◆ WORK ORDER: Among the entries below, only the lines from the one with "随后,邓佳一同学以PPT的形" through the one with "Se hace un bloque" are to be retyped, exactly and without pictures.
......
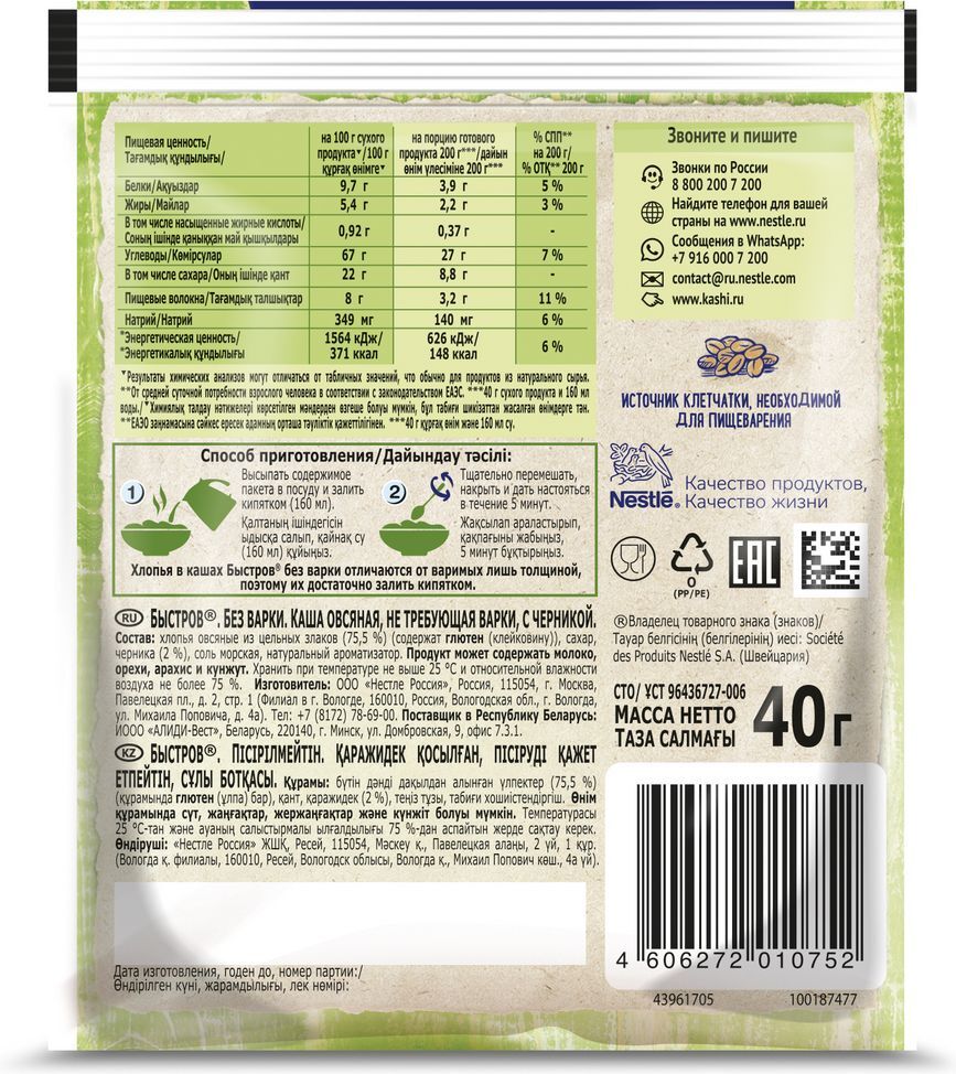 Условия хранения:0-25Состав:Хлопья овсяные из цельных злаков (75,5%) (содержат глютен (клейковину)), сахар, черника (2%), соль морская, натуральный ароматизатор. Продукт может содержать орехи и молоко.Описание:Каждый день может быть обычным, а может быть
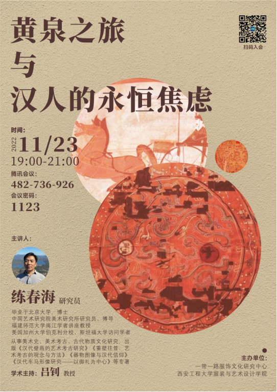 11月23日晚,围绕艺术考古研究方向,我院邀请中国艺术研究院美术研究所研究员、博导练春海研究员为师生们带来题为“黄泉之旅与汉人的永恒焦虑”的学术讲座。本场精彩的学术分享,会议由院长吕钊教授主持,与会师生完成了长达两个多小时的讲授与互动,让大家重新认识了艺术考古研究的深度与广度。
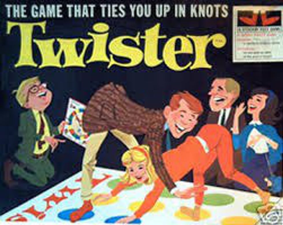 Put your right hand on green. Now put your left foot on yellow. Next move your right foot to red. Oops, that spot’s taken – move again! Right hand on blue! Don’t fall! You have to have excellent coordination and even better balance to be a winner at Twister. The same goes for the game of college. If you can't balance all your activities, schoolwork, and social life, you'll probably end up laying face-first on the floor just like when your right hand slips off blue. College is “the game that ties you up into knots!”
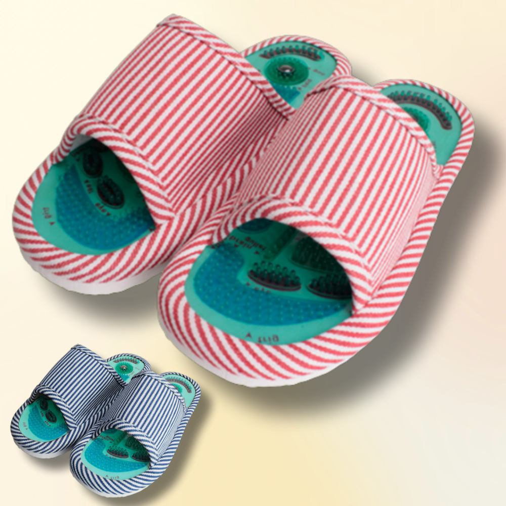 지압슬리퍼는 신발의 바닥 부분에 작은 돌기나 패드가 있어 발바닥을 자극하는 슬리퍼입니다. 전통적인 발지압 원리를 응용하여 제작된 것으로, 신발을 신는 것만으로도 발 지압 효과를 얻을 수 있습니다. 발바닥에는 신체 장기와 연관된 다양한 경혈점이 분포되어 있어, 지압슬리퍼가 발의 특정 부위를 자극함으로써 건강에 긍정적인 효과를 준다고 합니다.
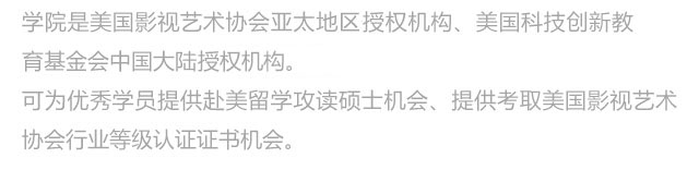 師資優(yōu)勢:影視教育界著名專家教授、影完善的軟硬件配套。教學環(huán)境:千畝郊野視行業(yè)核心圈層。公園環(huán)繞周邊。 區(qū)位優(yōu)勢:學院坐落于北京電影學院文創(chuàng)園內,園區(qū)內擁有百余家影視行專相蘭公司,真正意義的影視行業(yè)核心區(qū)。投資團隊:吉喆基金、賽富亞洲基金、中信國通、嘉頓投資、維西資本、譽上投資等強大的投資團隊為制作影視劇投資。 實踐機會:學院自有星影時代影視公司,計劃未來3年投拍100部影視劇與新媒體電影;學院在文創(chuàng)園區(qū)內自有大小攝影棚、綜藝棚10座,并與行專內近百家影視行專相蘭公司建立戰(zhàn)略合作關系,建立人才庫為行業(yè)提供人員儲備。國際合作:美國影視藝術協(xié)會亞太地區(qū)唯一授權機構,美國科技創(chuàng)新教育基金會中國大陸唯一授權機構??蔀閮?yōu)秀學員提供免費赴美留學攻讀碩士機會,提供考取美國影視藝術協(xié)會行業(yè)等級認證證書機會。
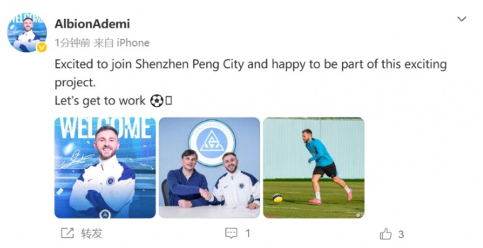 阿代米谈加盟新鹏城:“成为这个令人兴奋项目的一部分,我感到非常高兴。”
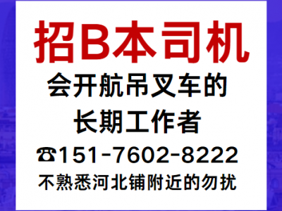 招B本司机,会开航吊叉车的,长期工作者不熟悉河北铺附近的勿扰
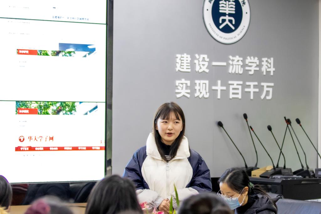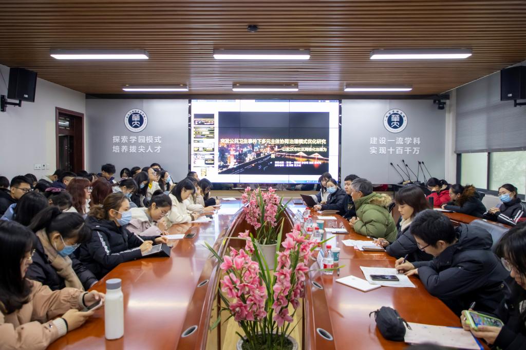 随后,邓佳一同学以PPT的形式讲解了我院申报的挑战杯校级“攀峰项目”——《突发公共卫生事件下社区多元主体的协同治理模式研究——以武汉市社区网络化治理为例》。该项目由肖泽磊副教授、袁方成教授指导,项目成员包括邓佳一、祝嘉聪、余春焰、梁滔以及黄可可同学。据悉,该项目已经产生一份研究报告,发表一篇学术论文《突发公共卫生事件下社区多元主体协同治理模式优化探究》,并获得了中华网等六家校内外媒体的新闻报道。
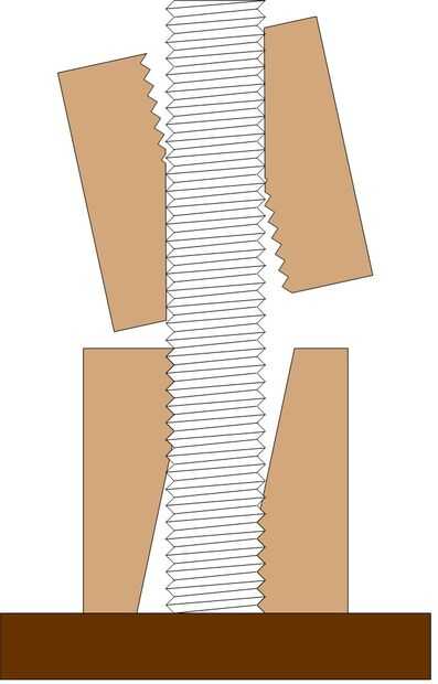 Se hace un bloque de la cerradura de un cubo de 1" con un agujero roscado de anillado-16 en el centro. Agujero de otro anillado"está aburrido en una inclinación de 12,3 º. Lo que hace esto es eliminar la mayor parte de los hilos excepto por un lado en la parte superior y el otro en la parte inferior. Esto permite que el bloque Deslice hacia abajo la varilla del perno y sólo se fijan en su lugar cuando golpea una superficie dura.
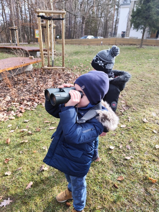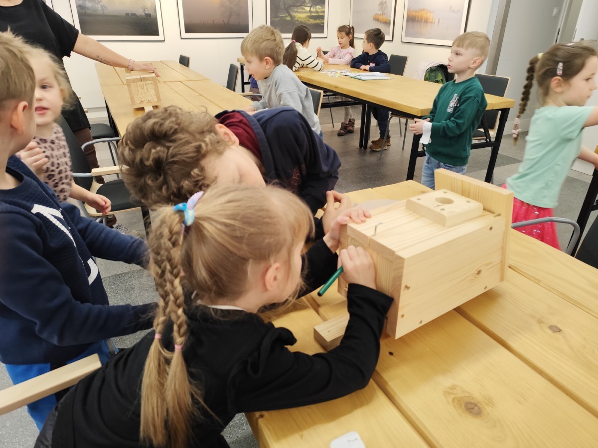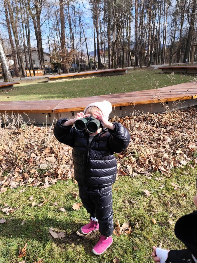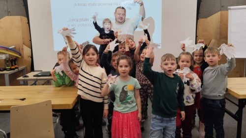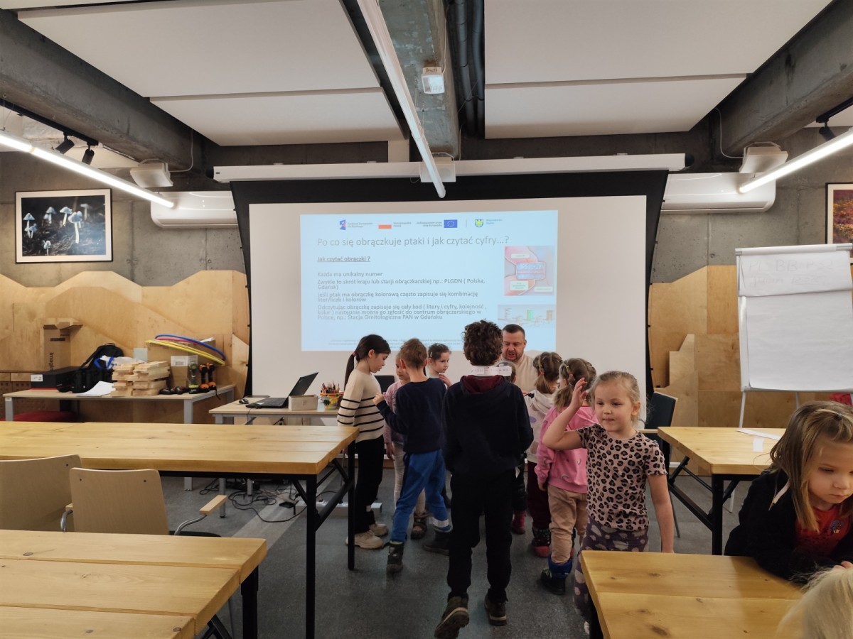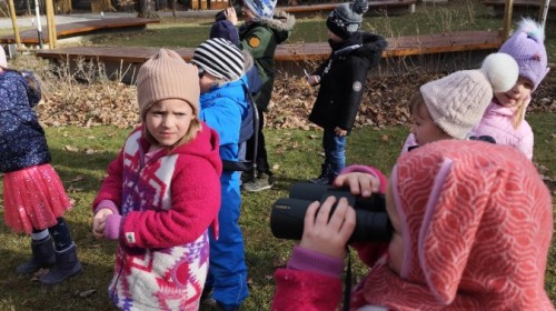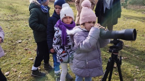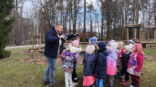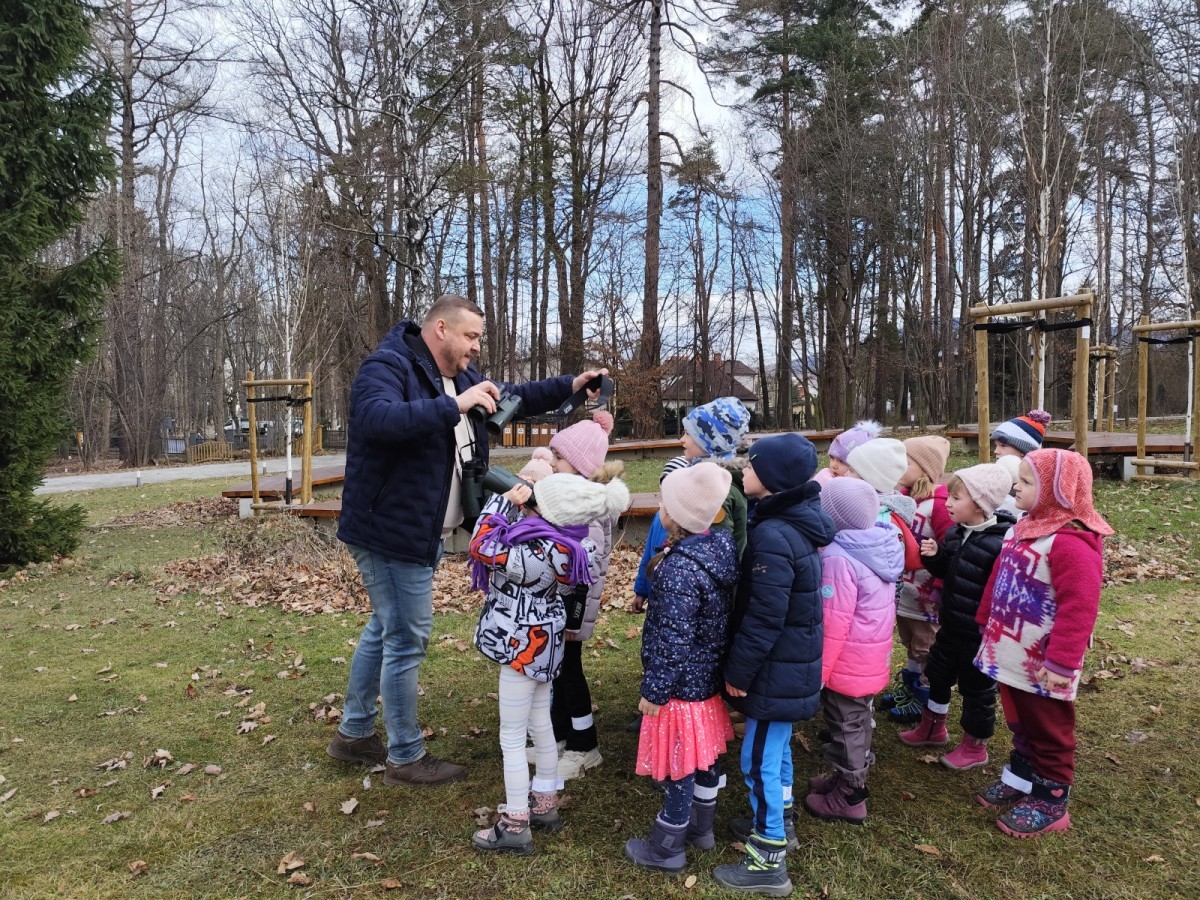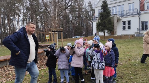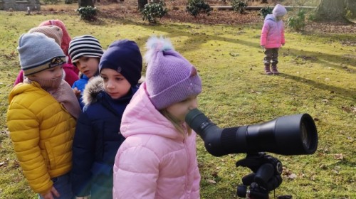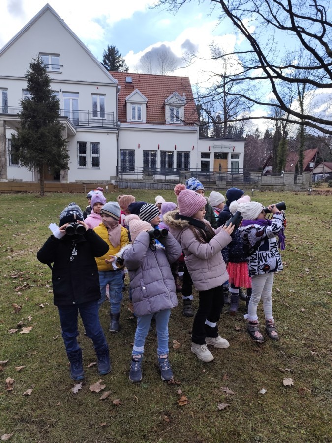 Podczas wizyty wyszliśmy również do ogrodu znajdującego się obok Centrum, gdzie dzieci — przy pomocy lornetek — mogły obserwować ptaki przelatujące między drzewami. Przedszkolaki wykonały papierowe ptaszki, dowiedziały się, na czym polega obrączkowanie ptaków, a także stworzyły własne „obrączki” na rękę lub nogę.
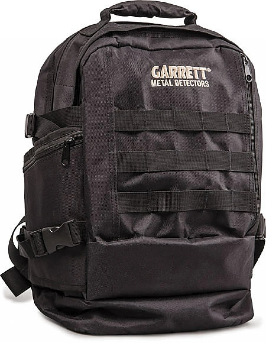 Garrett Sport Daypack This backpack is lightweight and a great size for day trips. Primarily designed for metal detecting but also great for hiking and day trips. Features Narrow Profile — Allows more freedom to move in rough terrain or dense brush than a full-size backpack Ample Storage — Two large zippered compartments will hold your spare search coil, extra pinpointer, snacks, gloves, and various field necessities. Large enough to hold an electronic tablet or laptop (up to 13″ size). Additional Storage — Two small side zipper pouches to hold finds and other small items; one 9-inch-deep zippered accessory pocket to keep important items close at hand; two internal pouches (one zippered) to keep items separated; and one padded divider pouch for notebooks or important papers. Exterior Webbing — MOLLE-type webbing grid can be used to attach accessories and carabiners to secure other items. Side Pockets — Ideal to hold water bottles or your finds. Side Straps — Use to cinch up your pack when you are carrying a light load, or secure your jacket and/or rain gear. Adjustable Fit — Shoulder straps, hip belt, and sternum strap can be adjusted to provide greater comfort for your load. Padded Back — Provides additional comfort for heavier loads. Includes luggage sleeve that allows daypack to easily attach to rolling luggage handles. Hideaway Hipbelt — Waist belt helps keep pack properly positioned during long hikes. Belt can be hidden away with Velcro flap on back of pack when not in use. Specialized Features — Internal sunglasses pouch at top of inner compartment; reinforced carrying handle; internal hook for attaching car key ring. Specifications Dimensions: Interior height: Approx. 35.5cm, Width: 29cm Material: Nylon, weather-resistant (1627200)
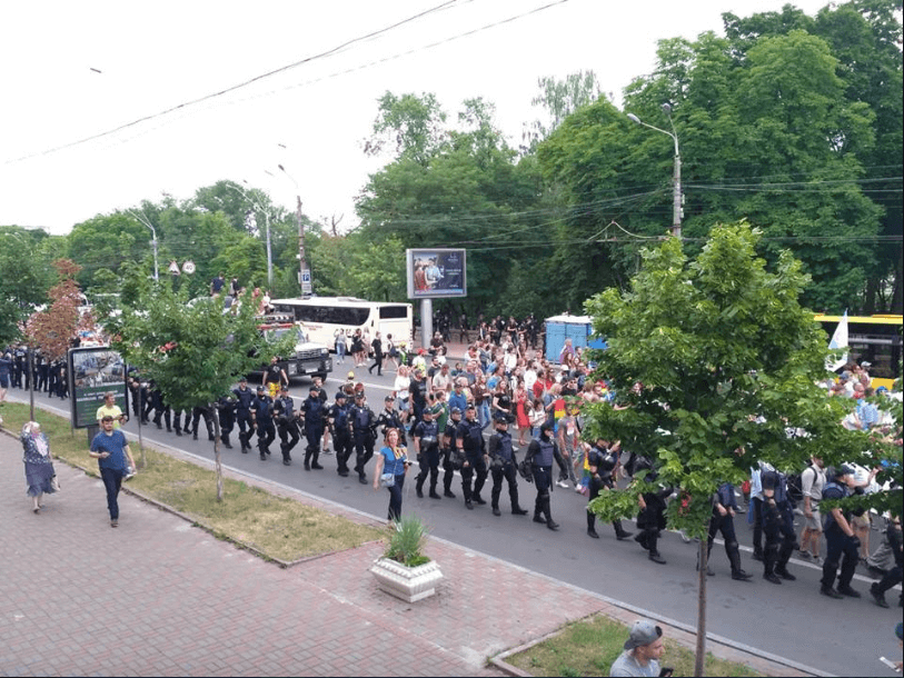 «Примерно в 6 часов группа лиц, а это более 150 человек, вышли на перекресток улицы Владимирская — бульвар Тараса Шевченко и перекрыла дорогу на маршруте движения «Марша равенства», — сказано в сообщении.
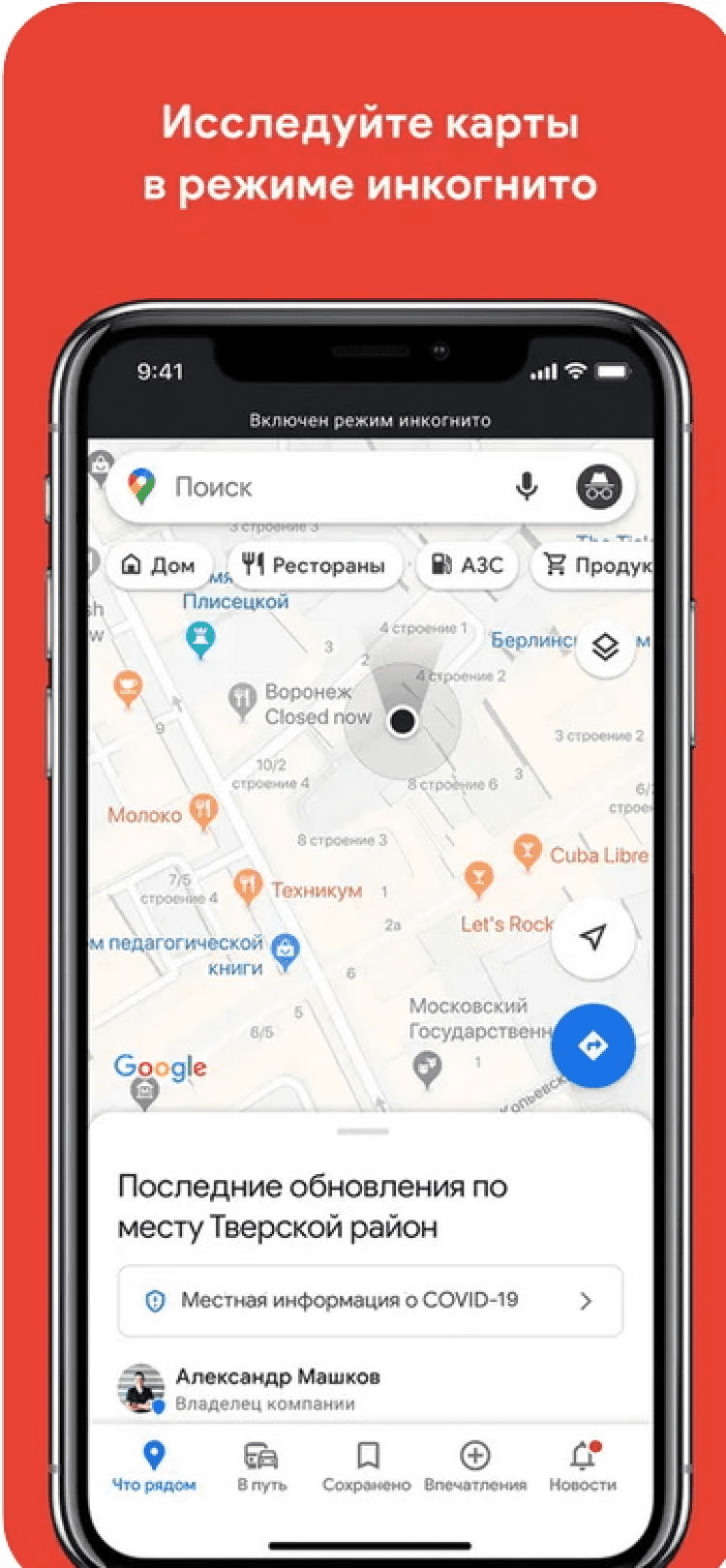 Скачайте Google Maps на свой iPhone, iPad или iPod Touch и просматривайте подробные и актуальные карты в любой момент, чтобы не заблудиться и найти нужное место даже в незнакомом городе.
......
◆ ANSWER BOX:
 随后,邓佳一同学以PPT的形式讲解了我院申报的挑战杯校级“攀峰项目”——《突发公共卫生事件下社区多元主体的协同治理模式研究——以武汉市社区网络化治理为例》。该项目由肖泽磊副教授、袁方成教授指导,项目成员包括邓佳一、祝嘉聪、余春焰、梁滔以及黄可可同学。据悉,该项目已经产生一份研究报告,发表一篇学术论文《突发公共卫生事件下社区多元主体协同治理模式优化探究》,并获得了中华网等六家校内外媒体的新闻报道。
 Se hace un bloque de la cerradura de un cubo de 1" con un agujero roscado de anillado-16 en el centro. Agujero de otro anillado"está aburrido en una inclinación de 12,3 º. Lo que hace esto es eliminar la mayor parte de los hilos excepto por un lado en la parte superior y el otro en la parte inferior. Esto permite que el bloque Deslice hacia abajo la varilla del perno y sólo se fijan en su lugar cuando golpea una superficie dura.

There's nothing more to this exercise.